===== Data for analysis

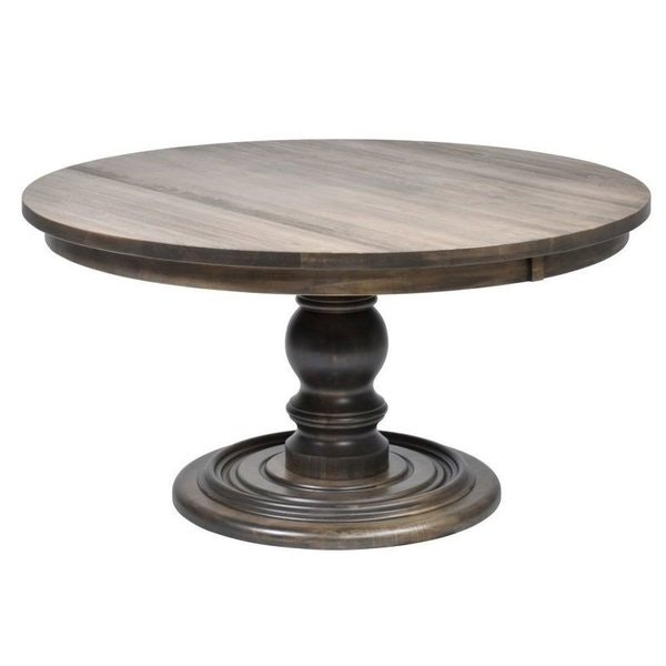 The Amish Brentwood Reclaimed Barnwood Extension Dining Table features a pedestal base that's sculpted from solid wood. Rounded and ready for gathering, it's a table your family can rely on every day.
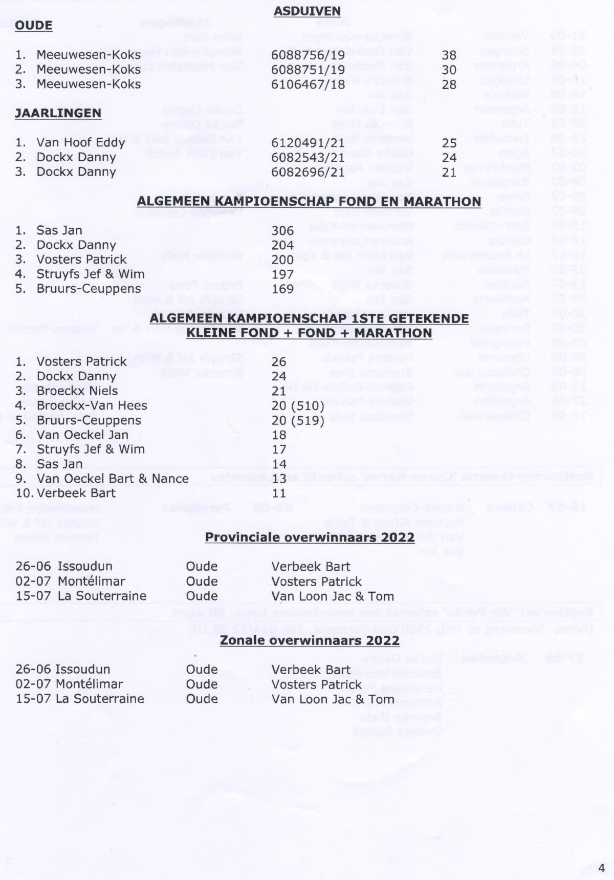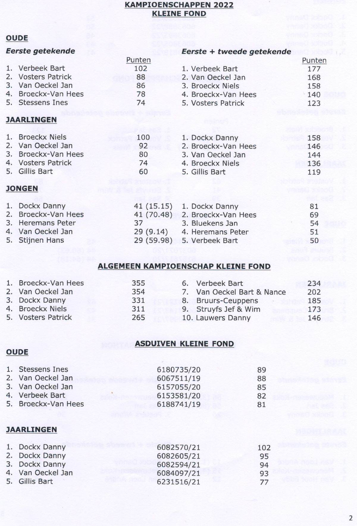 Klik hieronder voor Overzicht Kampioenschappen 2022 Turnhoutse Fondvrienden
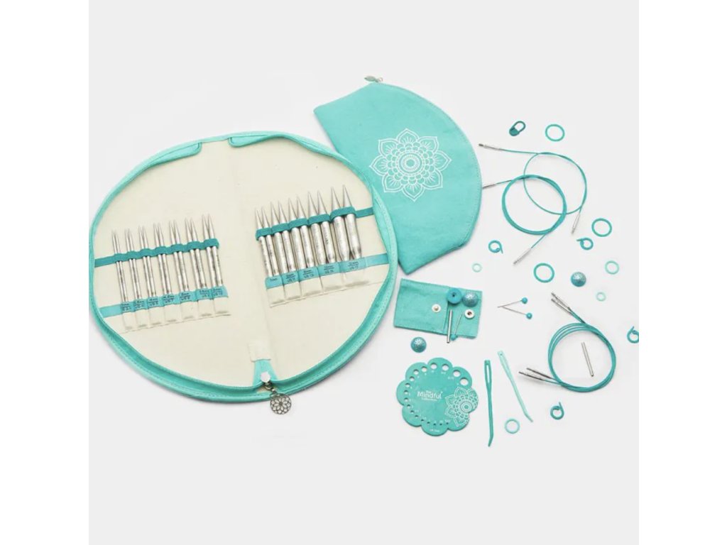 Luxusní sada výměnných kovových jehlic řady Mindfull od značky KnitPro s bohatým příslušenstvím.
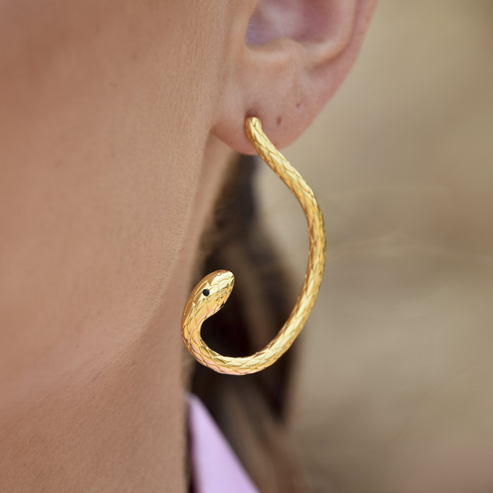 Sophisticated, unique and outspoken. Introducing Charmante Artsy Winding Serpent Earrings - a contemporary creative ear statement for those who seek something extraordinary and dare to wear beyond the norm. This design features large winding snake drops with the tail tips as the earring backings. There are two ways to wear this earring: tail tip in front of the earlobe or tail tip behind the earlobe (please see image gallery). The earrings are made of environmentally friendly brass (nickel free) with high quality 18k gold plating (3 layers) to premium jewellery standard, giving the pieces a luxurious gold shine that endures. Perfect for artsy, creative, high fashion, runway, creative styling, fashion events, smart casual styles and more. Hypoallergenic, nickel, cadmium and lead free.
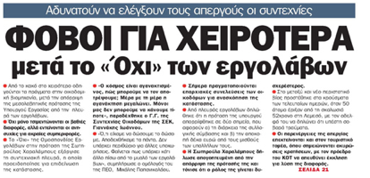 Η «Σημερινή», υπό τον τίτλο «Φόβοι για χειρότερα μετά το ‘Όχι’ των εργολάβων», γράφει πως τα πράγματα στην οικοδομική βιομηχανία οδηγούνται από το κακό στο χειρότερο, μετά την απόρριψη της μεσολαβητικής πρότασης της Υπουργού Εργασίας από την πλευρά των εργολάβων. Η «Σ» φιλοξενεί φωτογραφία της συγγραφέως Νίκης Μαραγκού η οποία έχασε τη ζωή της σε δυστύχημα στην Αίγυπτο. Αλλού γράφει πως ως εκ θαύματος σώθηκαν δυο νεαρές όταν το όχημα στο οποίο επέβαιναν κατέπεσε σε κανάλι.
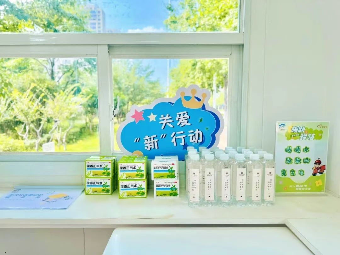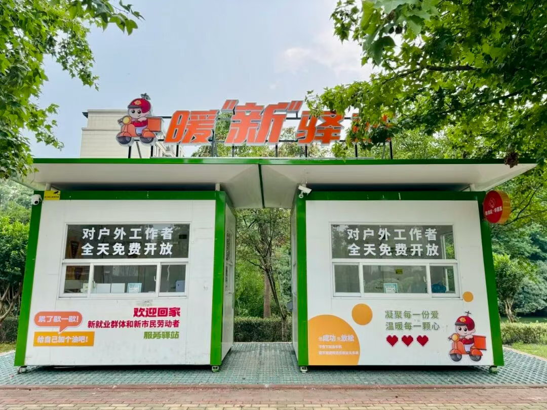 這個(gè)不大的空間,由兩座閑置亭子改造而成:空調(diào)送出徐徐涼風(fēng),充電插座的指示燈靜靜閃爍,墻上掛著共享雨傘,角落的便民箱里備有礦泉水、創(chuàng)可貼等物資。最讓騎手們滿意的是,驛站24小時(shí)開放,即便深夜下班,也能進(jìn)來喝上一口熱水。
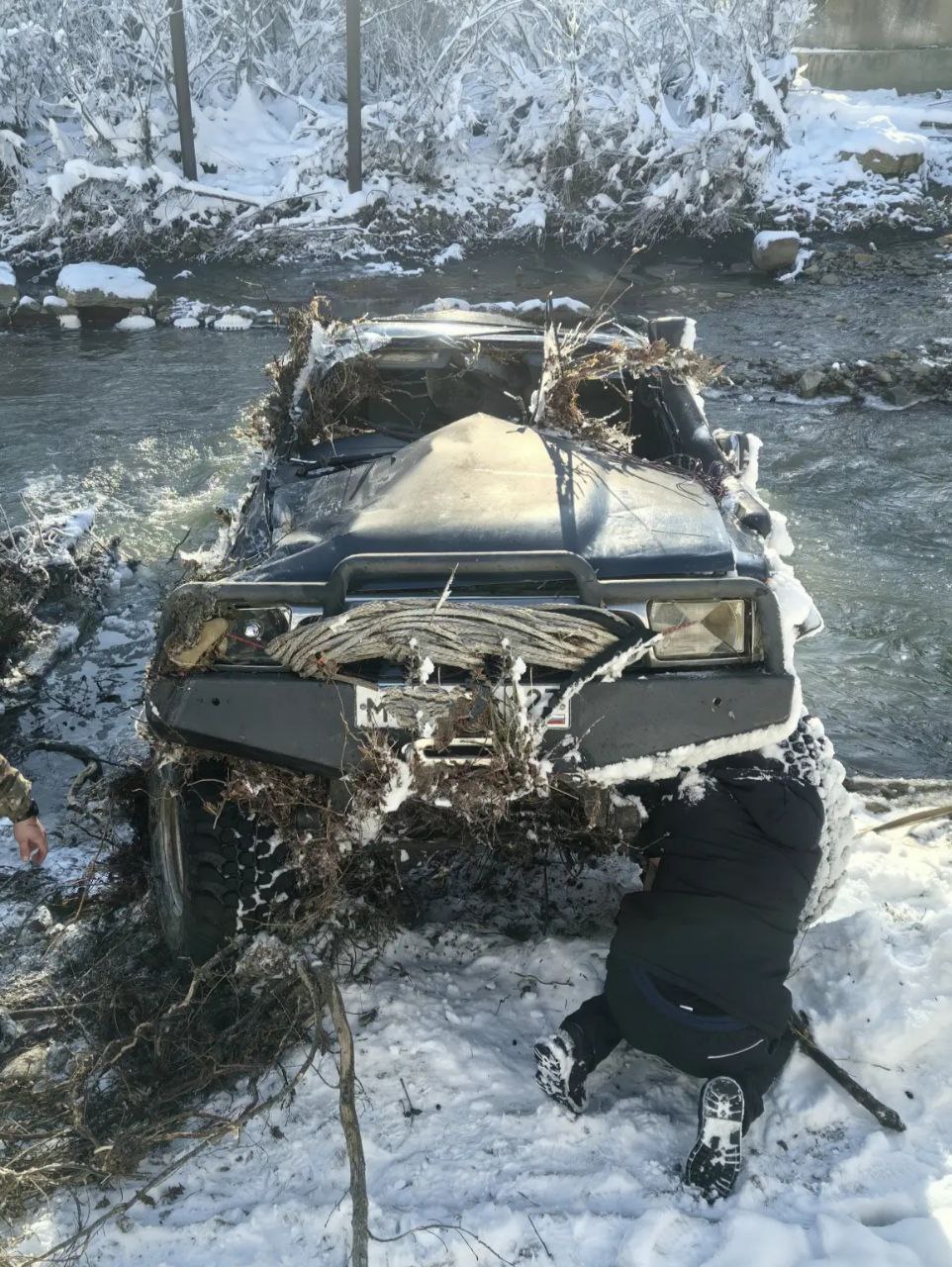 Автомобиль, утонувший в реке, всё-таки достали
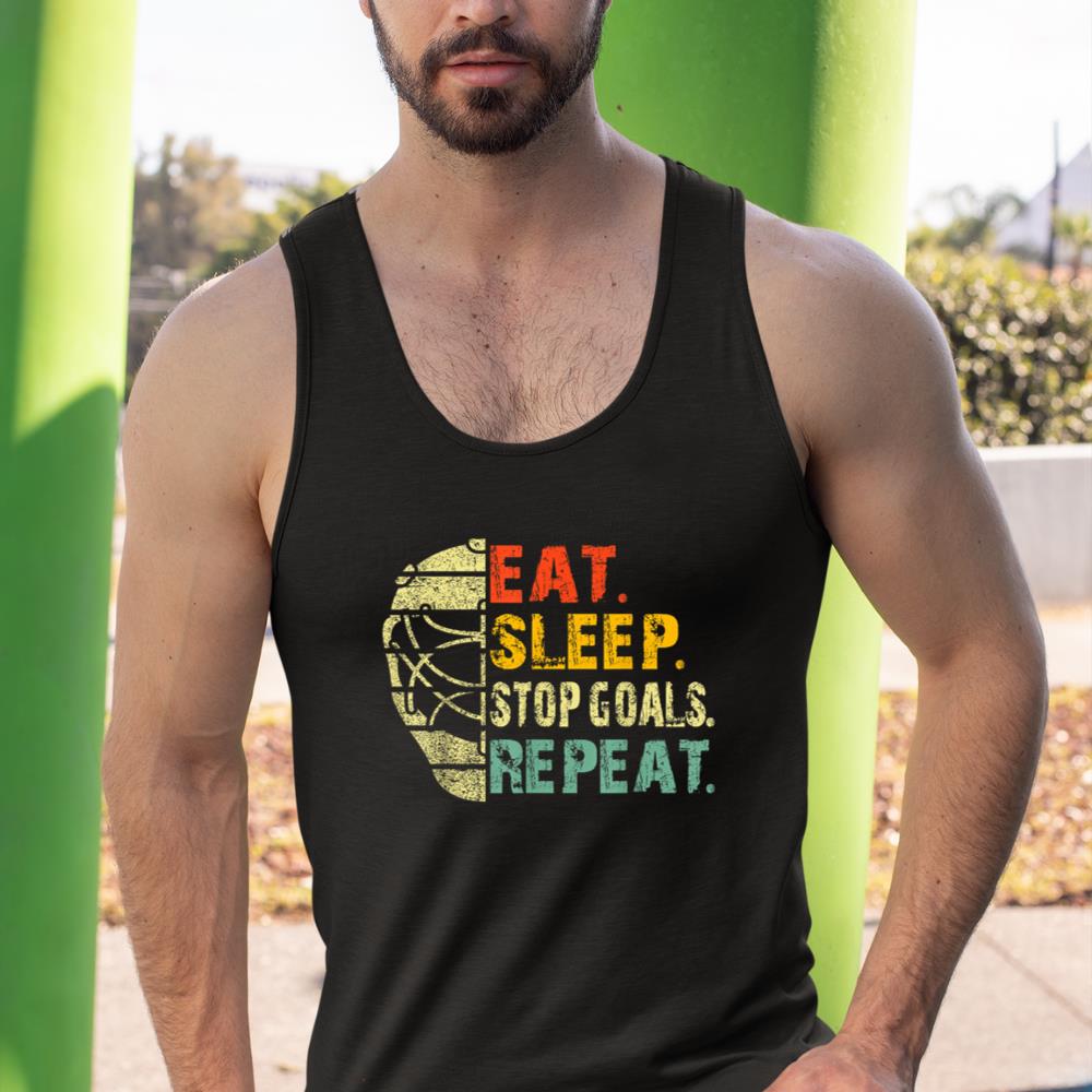 Be the first to review “Retro Funny Eat Sleep Stop Goals Repeat Ice Hockey Goalie Tank Top”
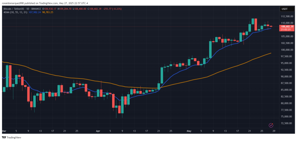Al momento della stesura di questo articolo, Bitcoin veniva scambiato a 108.680 $, invariato rispetto al prezzo di lunedì. Rispetto al recente record storico di 111.800 $, BTC si trova oltre il 3% al di sotto. Tuttavia, su base mensile, il prezzo di Bitcoin mantiene ancora un solido +17%.
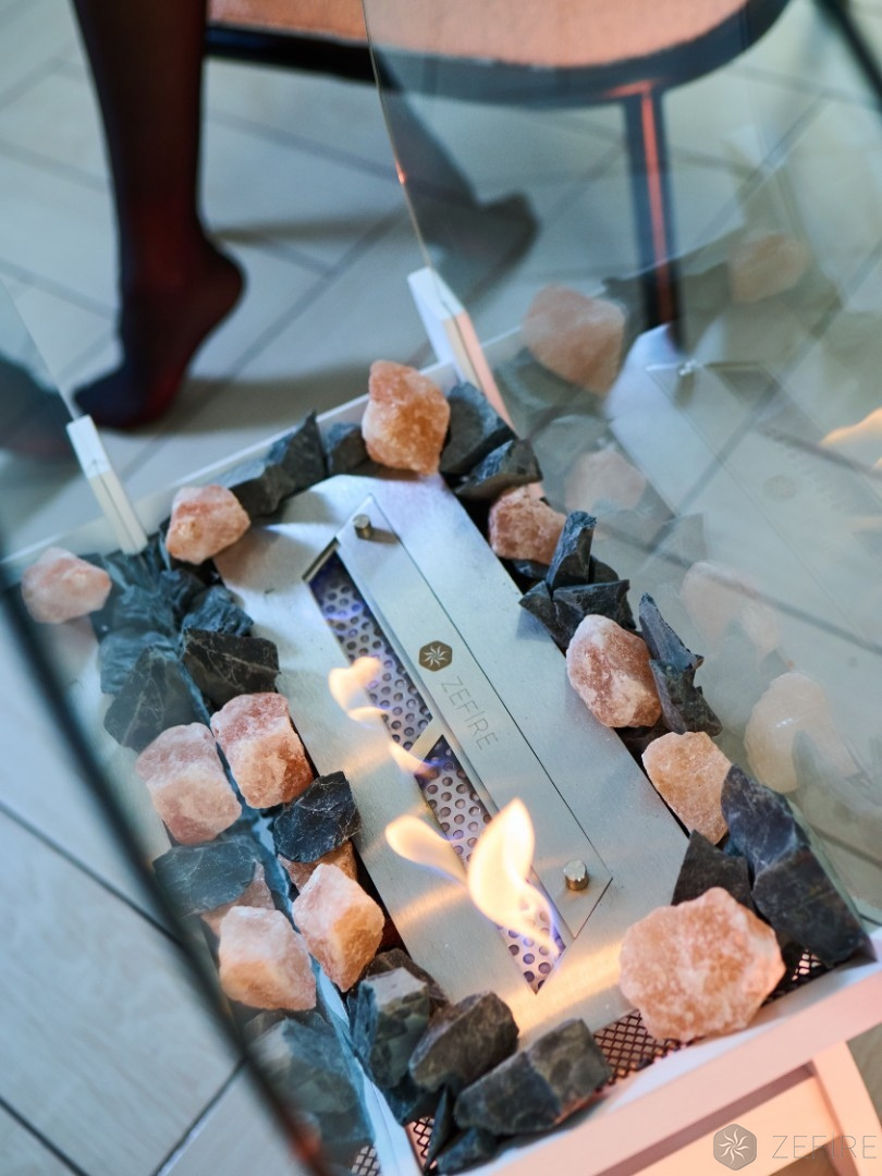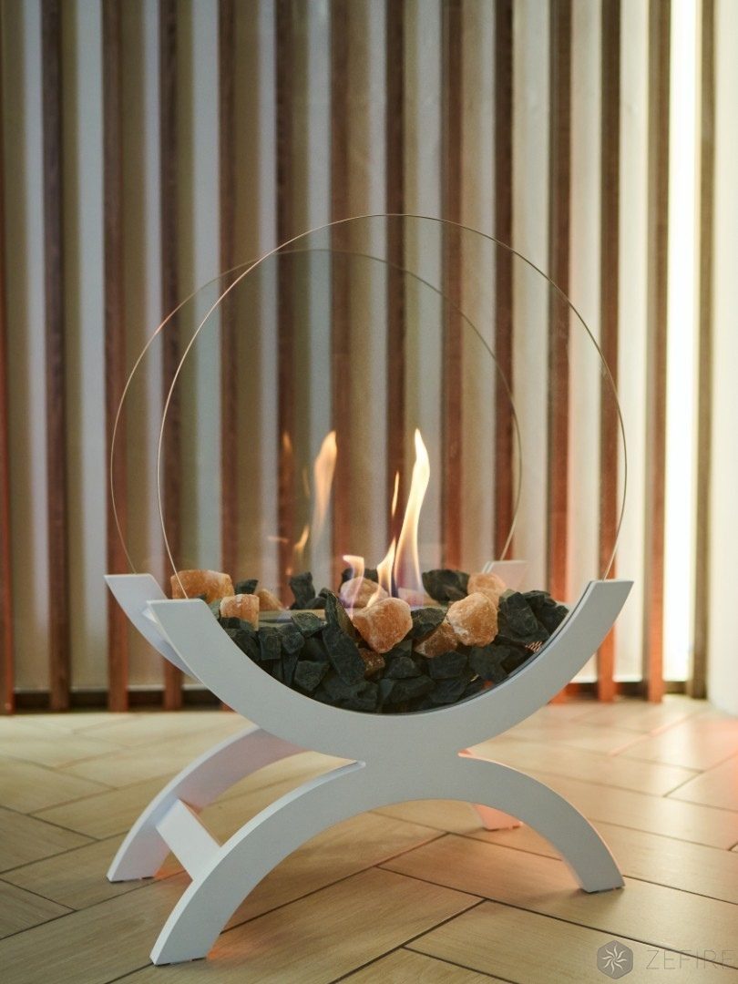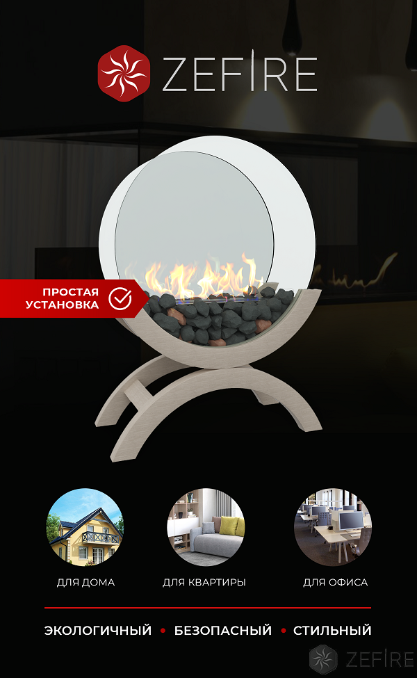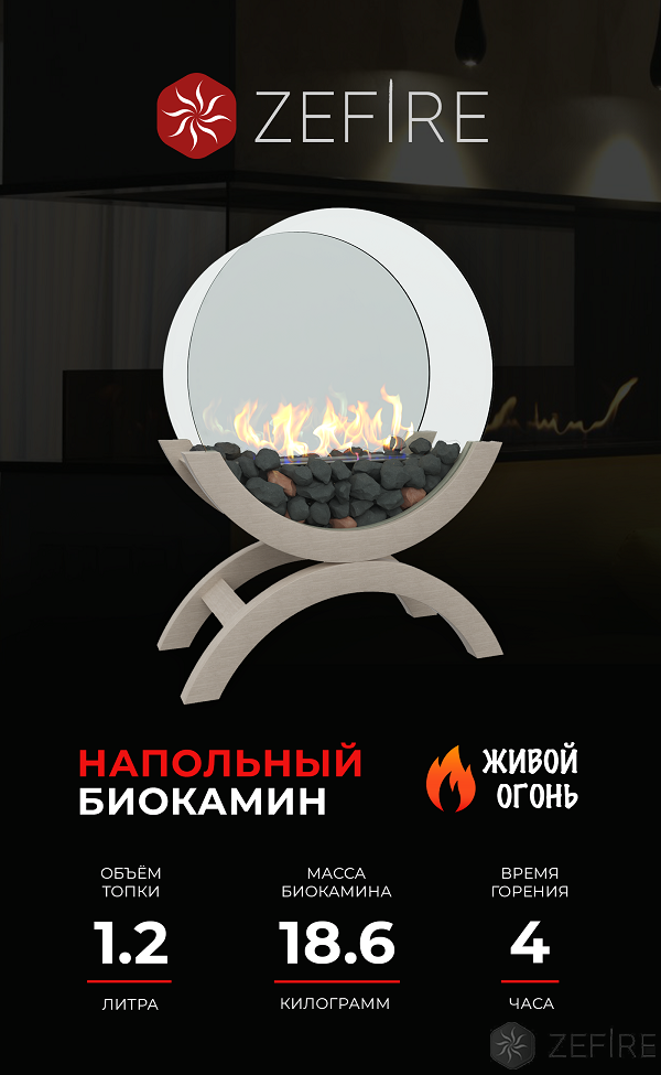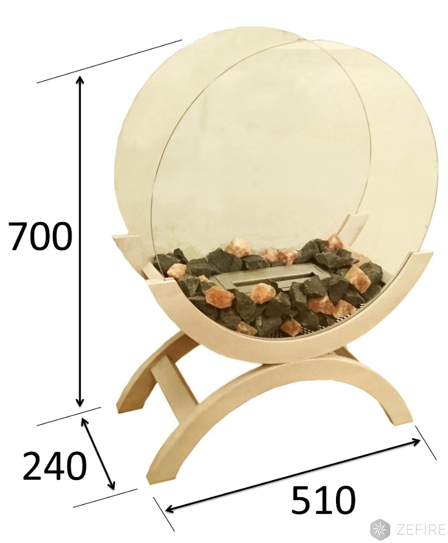 Биокамин Zefire Iris средний светлый, линия огня 250 мм, ручное управление.

==========

### Directions for this task
Omit the pictures. Print, word for word, the lines from the beginning of the entries above through the line that holds "Sophisticated, unique and".

### The completed task
 The Amish Brentwood Reclaimed Barnwood Extension Dining Table features a pedestal base that's sculpted from solid wood. Rounded and ready for gathering, it's a table your family can rely on every day.
 Klik hieronder voor Overzicht Kampioenschappen 2022 Turnhoutse Fondvrienden
 Luxusní sada výměnných kovových jehlic řady Mindfull od značky KnitPro s bohatým příslušenstvím.
 Sophisticated, unique and outspoken. Introducing Charmante Artsy Winding Serpent Earrings - a contemporary creative ear statement for those who seek something extraordinary and dare to wear beyond the norm. This design features large winding snake drops with the tail tips as the earring backings. There are two ways to wear this earring: tail tip in front of the earlobe or tail tip behind the earlobe (please see image gallery). The earrings are made of environmentally friendly brass (nickel free) with high quality 18k gold plating (3 layers) to premium jewellery standard, giving the pieces a luxurious gold shine that endures. Perfect for artsy, creative, high fashion, runway, creative styling, fashion events, smart casual styles and more. Hypoallergenic, nickel, cadmium and lead free.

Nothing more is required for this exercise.